* [Raw data]
□ □ □

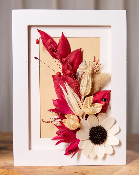 制作材料:玉蘭干花、黑心菊干花、泡桐果果殼、秋葵果實、相思豆、情人草干花、兔尾草、熱熔膠槍、枝剪、海螺、仿真昆蟲、相框。
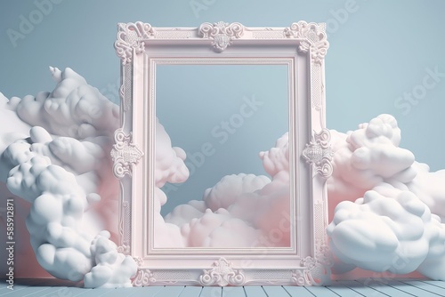White vintage frame on pastel blue background with abstract pink cloud shapes. AI generated
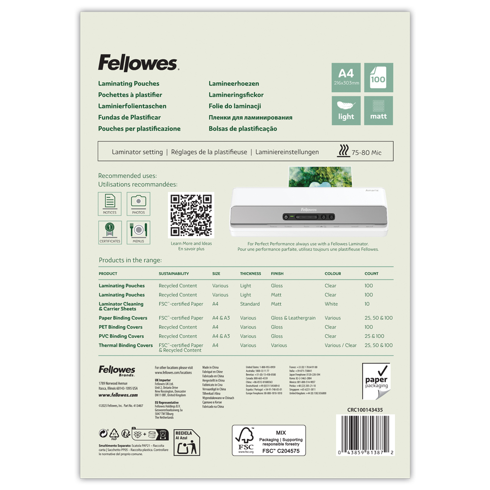 Eco™ Folie do laminacji A4 Light (matowe) ekologiczne – opk. 100 sztuk Fellowes

□ □ □

Where the line holding "White vintage frame" appears, start copying, and continue exactly through the last line of the listing, both ends included, skipping the pictures.

* [Response area]
White vintage frame on pastel blue background with abstract pink cloud shapes. AI generated
 Eco™ Folie do laminacji A4 Light (matowe) ekologiczne – opk. 100 sztuk Fellowes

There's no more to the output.